UT Dallas Professor offers different entrepreneurial opportunities perspective

A UT Dallas professor has offered an alternative view on entrepreneurship opportunities.
A UT Dallas professor has offered an alternative view on entrepreneurship opportunities. | shutterstock
When discussing entrepreneurial opportunities, researchers disagree on whether or not the opportunities are already out there waiting to be discovered, or created by the entrepreneur instead. 

A new study conducted by Dr. Eric Tsang, professor of global strategy in the Naveen Jindal School of Management at the University of Texas at Dallas, has expressed the possibility that there is a third option in this argument.

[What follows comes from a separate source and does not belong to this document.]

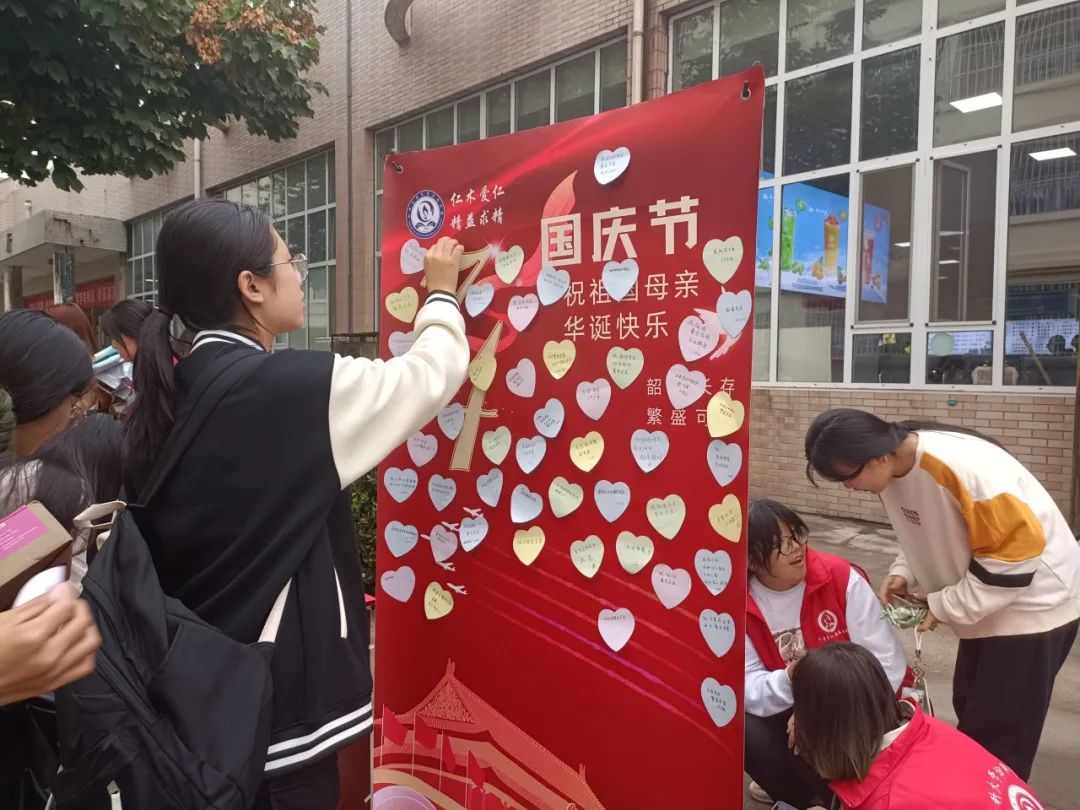 9月27日中午,青马社在冬青树门口举办迎国庆主题系列活动之二“我为祖国送祝福活动”,广邀全校同学前来参加。青马社成员提供爱心便利贴,邀请同学们书写对祖国祝福的话语。护理学系62226班刘飞艳同学写到“愿山河壮丽,祖国长春”;医学检验系72204班张美玉同学“祝美丽祖国繁荣昌盛,越来越好”等。本次活动极大地提高了同学们的爱国热情,展现出了必赢学生积极向上的精神风貌。

“We argue that entrepreneurial opportunities do not really exist objectively like a piece of lost luggage, as proposed by the discovery approach,” Tsang said. “Our argument is that an entrepreneurial opportunity is more like an apple seed. That seed has the potential to grow into an apple tree (i.e., the potential is actualized), but it’s not guaranteed. That potential objectively exists.”

Tsang recently had his paper, which lays out how philosophy can solve practical problems, published by the Academy of Management Review.

“We are proposing that an entrepreneurial opportunity exists objectively, but that does not guarantee that if you identify it and try to exploit it, you’ll turn the opportunity into profits,” Tsang said. “You have to do it right -- and often you have to put in the creative effort to make your product innovative.”